2. Whether or not respondent is guilty of forum shopping in filing Civil Case no. 9210, the
second civil case.

RULING:
1. NO. As a ground for the dismissal of a civil action, litis pendentia refers to a situation where two
actions are pending between the same parties for the same cause of action, so that one of them
becomes unnecessary and vexatious.
Litis pendentia exists when the following requisites are present: identity of the parties in the two
actions; substantial identity in the causes of action and in the reliefs sought by the parties; and the identity
between the two actions should be such that any judgment that may be rendered in one case, regardless
of which party is successful, would amount to res judicata in the other.
In the present case, the parties' bone of contention is whether Civil Case Nos. 8084 and 9210
involve the same cause of action. The petitioner argues that the causes of action are similar, while the
respondent argues otherwise. If an identity, or substantial identity, of the causes of action in both cases
exist, then the second complaint for unlawful detainer may be dismissed on the ground of litis pendentia.
The Court ruled that Civil Case Nos. 8084 and 9210 involve different causes of action.
Generally, a suit may only be instituted for a single cause of action. If two or more suits are instituted on
the basis of the same cause of action, the filing of one or a judgment on the merits in any one is ground
for the dismissal of the others.
Several tests exist to ascertain whether two suits relate to a single or common cause of action,
such as whether the same evidence would support and sustain both the first and second causes of action
(also known as the "same evidence" test), or whether the defenses in one case may be used to
substantiate the complaint in the other. Also fundamental is the test of determining whether the cause of
action in the second case existed at the time of the filing of the first complaint.
Of the three tests cited, the third one is especially applicable to the present case, i.e., whether the
cause of action in the second case existed at the time of the filing of the first complaint - and to which we
answer in the negative. The facts clearly show that the filing of the first ejectment case was grounded on
the petitioner's violation of stipulations in the lease contract, while the filing of the second case was based
on the expiration of the lease contract. At the time the respondent filed the first ejectment complaint on
October 10, 2000, the lease contract between the parties was still in effect. The lease was fixed for a
period of two (2) years, from January 16, 2000, and in the absence of a renewal agreed upon by the
parties, the lease remained effective until January 15, 2002. It was only at the expiration of the lease
contract that the cause of action in the second ejectment complaint accrued and made available to the
respondent as a ground for ejecting the petitioner. Thus, the cause of action in the second case was not
yet in existence at the time of filing of the first ejectment case.

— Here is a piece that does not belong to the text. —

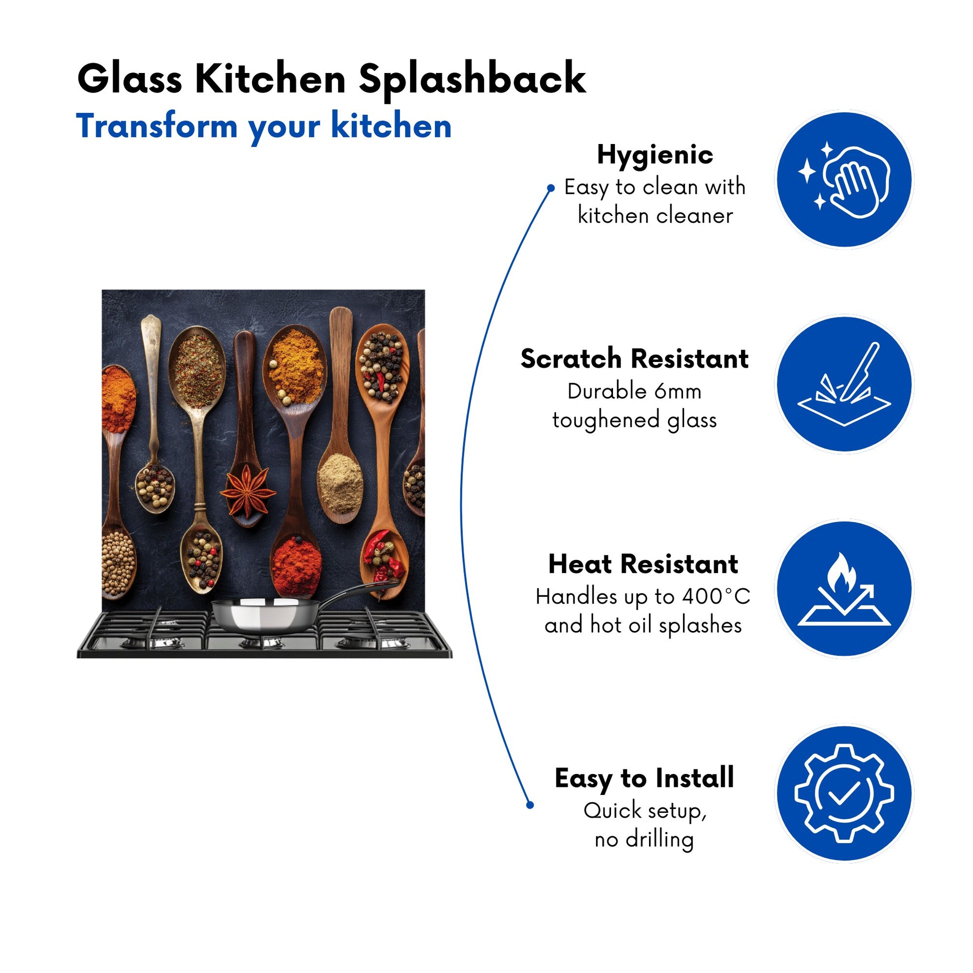 Enhance your kitchen with our stunning glass splashback. This high-quality addition boosts both functionality and style. The high-resolution print on toughened glass creates a striking focal point.

2. NO. The Court do not find the respondent guilty of forum shopping in filing Civil Case No. 9210,
the second civil case. To determine whether a party violated the rule against forum shopping, the
test applied is whether the elements of litis pendentia are present or whether a final judgment in
one case will amount to res judicata in another.

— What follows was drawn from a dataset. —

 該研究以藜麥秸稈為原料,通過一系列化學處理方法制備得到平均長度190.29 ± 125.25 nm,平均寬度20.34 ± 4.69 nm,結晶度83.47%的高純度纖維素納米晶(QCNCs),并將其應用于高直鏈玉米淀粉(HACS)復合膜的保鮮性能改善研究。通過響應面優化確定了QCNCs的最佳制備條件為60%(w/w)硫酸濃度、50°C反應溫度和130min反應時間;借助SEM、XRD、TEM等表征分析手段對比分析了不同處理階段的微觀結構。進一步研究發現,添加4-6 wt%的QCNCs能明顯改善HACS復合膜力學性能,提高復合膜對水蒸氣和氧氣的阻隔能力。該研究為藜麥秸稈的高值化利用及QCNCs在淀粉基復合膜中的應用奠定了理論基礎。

Considering our pronouncement that not all the requisites of litis pendentia are present in this
case, the CA did not err in declaring that the respondent committed no forum shopping. Also, a
close reading of the Verification and Certification of Non-Forum Shopping (attached to the second
ejectment complaint) shows that the respondent did disclose that it had filed a former complaint
for unlawful detainer against the petitioner. Thus, the respondent cannot be said to have
committed a willful and deliberate forum shopping.